Unpopular Opinion: USQ Cup 12


Credit: Kat Ignatova/IQA Staff

Credit: Kat Ignatova/IQA Staff

The sporting world has had its fair share of short-lived retirements of major players. Brett Favre dick-wagged his way from the Packers to the Jets to the Vikings. Michael Jordan took up baseball, learned what millions of young Americans learn every year – that can’t become a professional athlete just by wanting to be – and returned to basketball. Now, the quidditch world has its first such case.

Last season, Andy Abayan was one of the two heads of the UCLA beating monster. His play, which may have been less heralded than teammate Asher King Abramson’s, was every bit as good, and was essential to the Bruins’ finals run at World Cup VI. And while Abayan’s highlight reel might not be quite as burned into everyone’s mind, his play in the semifinals, negating both of Baylor’s elite beaters in a matter of seconds, was as good as any beater play I’ve ever seen. Had he started this season on a team, he likely would have been considered the best active beater in quidditch, but Abayan instead chose to take a break from the game to focus on other aspects of his life.

That all changed in the last month, as rumors of his return to quidditch were followed by Evan Bell drafting him for his Quiyk team while announcing that he would be playing for the Santa Barbara Blacktips for the remainder of the season. Just like that, one of the strongest beaters our sport has ever seen was back in the game.

This past weekend, lost in the headlines of the Southwest Regionals, Abayan made his return to quidditch at the Gold Medal Invitational, helping Santa Barbara to a semifinals run that ended with a loss to the No. 2 Lost Boys.

So what exactly can we make out of his return? Is he a Brett Favre, living out his career past its prime, or a Michael Jordan, primed for more championship runs? Lucky for me, video has surfaced from two of their biggest games of the weekend: a pool play matchup with Northern Arizona, and a bracket play matchup with the Silicon Valley Skrewts. Let’s break it down.

 

The Hard Facts

Vs. Northern Arizona (Pre-Seeker Play)

  Time Points For Points Against
With Abayan 12:05 70 30
Without Abayan 11:40 50 70

Six Forced Turnovers, Two Losses of Bludger Control, No Gains of Bludger Control

Vs. Silicon Valley Skrewts (Pre-Seeker Play)

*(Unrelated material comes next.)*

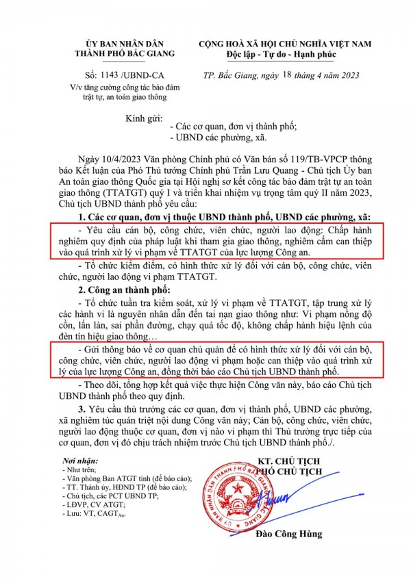 Ngày 18/4, Chủ tịch UBND TP Bắc Giang ban hành Công văn số 1143/UBND-CA yêu cầu công dân chấp hành nghiêm quy định pháp luật khi tham gia giao thông, đồng thời nghiêm cấm can thiệp quá trình xử lý vi phạm của lực lượng Công an.

  Time Points For Points Against
With Abayan 5:56 10 20
Without Abayan 10:02 40 40

Two Forced Turnovers, No Losses of Bludger Control, No Gains of Bludger Control

 

The Good

Abayan’s raw skills, which alone are enough to put him above most beaters in the game, haven’t fallen off at all in his time away from the sport. His speed and agility make him a massive threat on the defensive end, capable of making multiple beats in a single possession while recovering his bludger again and again. It was plays like these that completely hampered Northern Arizona in the early minutes of their game. In fact, in his first shift, which lasted just over five minutes, Abayan forced four turnovers while holding the Narwhals scoreless.

Perhaps the perfect example was this play early in the game, where an offensive turnover by the Blacktips left the Narhwals with three quaffle players on the break against the two Santa Barbara beaters. By the time the play is over, Abayan has stopped the rush and beaten three players by himself.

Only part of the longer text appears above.